In our editorial of 17 August 2011, we discussed the paper of Pandolfi et al. (2011a) that was published in Science on 22 July 2011, wherein we briefly reported the many ways in which they suggested Earth's coral reefs might successfully respond to the dual challenge of projected rapid increases in temperature and ocean acidification. As might have been expected, however, their optimistic analysis was not well received by the world's climate alarmists, who in the 16 December 2011 issue of Science - via the persons of Hoegh-Guldberg et al. (2011) - cast many aspersions on it. Fortunately, Pandolfi et al. (2011b) were given the opportunity of responding to them and deflating their arguments.

The four researchers begin by rebutting Hoegh-Guldberg et al.'s claim that evolutionary responses of corals to global warming are highly improbable in light of the warming's IPCC-projected rapidity, noting that "the hypothesis that adaptation cannot occur over decadal time scales has been shown repeatedly to be incorrect." More specifically, they state that research has shown that "numerous and complex physiological, metabolic, and morphological changes can occur rapidly and repeatedly among independently evolving lineages," citing in this regard the studies of Hendry and Kinnison (1999), Levinton et al. (2003) and Tobler et al. (2011).

Pandolfi and colleagues next rebut Hoegh-Guldberg et al.'s contention that characteristics of endosymbiosis will impede adaptation in corals. This they do by noting that "endosymbionts and hosts, if anything, evolve more rapidly than their free-living counterparts," citing in this regard the research findings of Woolfit and Bromham (2003) and Pal et al. (2007).

Finally, we note that under the general heading of Evolution in our Subject Index, we have archived numerous Journal Reviews and Editorials that bear both experimental and observational witness to the ability of numerous organisms (both aquatic and terrestrial) to rapidly evolve to meet the challenges of rapid environmental change. Sadly, however, Earth's plants and animals are not that well equipped to deal with the more direct assaults of humanity upon their surroundings, which is the realm wherein our efforts to protect them could most profitably be directed.

Sherwood, Keith and Craig Idso

Hendry, A.P. and Kinnison, M.T. 1999. The pace of modern life: Measuring rates of contemporary microevolution. Evolution 53: 1637-1653.

Hoegh-Guldberg, O., Ortiz, J.C. and Dove, S. 2011. The future of coral reefs. Science 334: 1494-1495.

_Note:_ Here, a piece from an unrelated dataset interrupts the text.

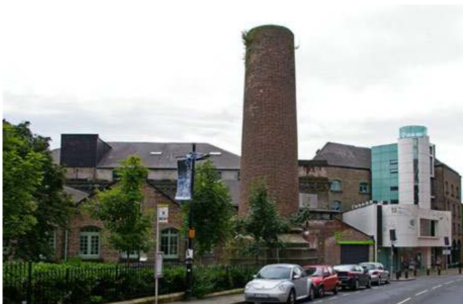
Photo 5 : Seven Stories : un exemple de reconversion culturelle du patrimoine industriel de la vallée de l'Ouseburn

Seven Stories est un pôle culturel consacré au livre pour enfants, installé dans un ancien entrepôt victorien de la vallée de l'Ouseburn. Ouvert en 2005, Seven Stories est devenu le symbole de la reconversion du patrimoine industriel dans cette vallée où la culture est devenue le nouveau moteur économique.

Levinton, J.S., Suatoni, E., Wallace, W., Junkins, R., Kelaher, B. and Allen, B.J. 2003. Rapid loss of genetically based resistance to metals after the cleanup of a Superfund site. Proceedings of the National Academies of Science USA 100: 9889-9891.

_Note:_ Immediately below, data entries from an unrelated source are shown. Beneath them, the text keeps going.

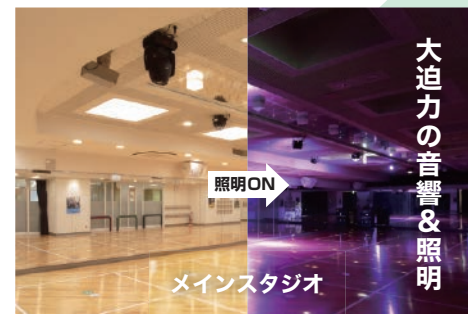
大迫力の音響&照明

大人気のレズミルズや様々な種類のヨガ、ダンスなど多彩なエクササイズプログラムを提供しています。迫力の演出でエクササイズに没頭！
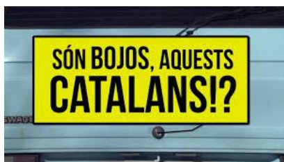
Són bojos, aquests catalans!? , de David Valls Documental (2013) de 70', a Youtube.com
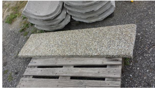
Waschbetonstufenplatte € 10,-
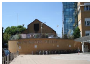
ウィットントン病院
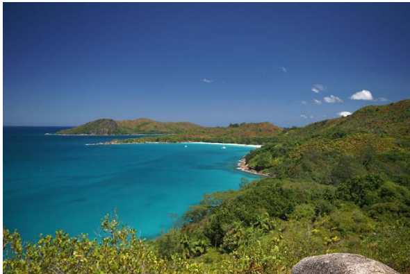
Abb. 1b: Die Bucht von Anse Lazio im Überblick (Bildmitte).
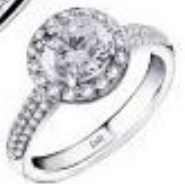
华贵系列 - JAFF
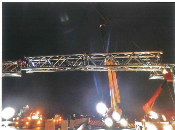
門型柱設置工事(イメージ)

本通行止め工事において、 E29 中国横断自動車道(姫路鳥取線)と E2A 中国自動車道の接続に伴う、新たに設置する中央ジャンクションの案内標識の門型支柱並びに標識板の設置を行います。また、佐用ジャンクションの番号板を順次変更します。その他、お客さまに高速道路を安全で快適にご利用いただけるよう、舗装補修、構造物点検などをあわせて行います。
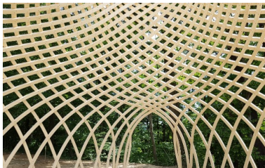
Vue d'ensemble d'un pavillon
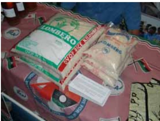
ブワンジェバレーライス(キロンベロ)

私の目標は、水管理組合の体制強化を図り適正な施設の維持管理を実現することです。そのためには、生産組合の収入が向上し、経営改善がなされることが重要になってきます。トレードフェアへの参加は、私たちにとって、今後の活動に向けて非常に有意義でした。
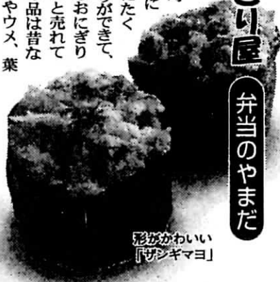
形がかわいい「ザンギマヨ」

いうおにぎり。細かく刻んだザンギをマヨネーズで味付けした具が意外にもあっさりとしていてご飯によく合い、おいしかった。

Pal, C., Macia, M.D., Oliver, A., Schachar, I. and Buckling, A. 2007. Coevolution with viruses drives the evolution of bacterial mutation rates. Nature 450: 1079-1081.

Pandolfi, J.M., Connolly, S.R., Marshall, D.J. and Cohen, A.L. 2011a. Projecting coral reef futures under global warming and ocean acidification. Science 333: 418-422.

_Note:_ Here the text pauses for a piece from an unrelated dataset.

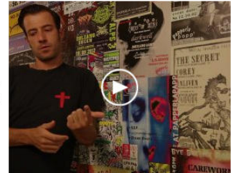
July 8, 2013
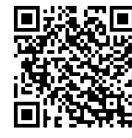
Clan de Campismo

Pandolfi, J.M., Connolly, S.R., Marshall, D.J. and Cohen, A.L. 2011b. Response. Science 334: 1495-1496.

Tobler, M., Palacios, M., Chapman, L.J., Mitrofanov, I., Bierbach, D., Plath, M., Arias-Rodriguez, L., García de León, F.J. and Mateos M. 2011. Evolution in extreme environments: Replicated phenotypic differentiation in livebearing fish inhabiting sulfidic springs. Evolution 65: 2213-2228.

Woolfit, M. and Bromham, L. 2003. Increased rates of sequence evolution in endosymbiotic bacteria and fungi with small effective population sizes. Molecular Biology and Evolution 20: 1545-1555.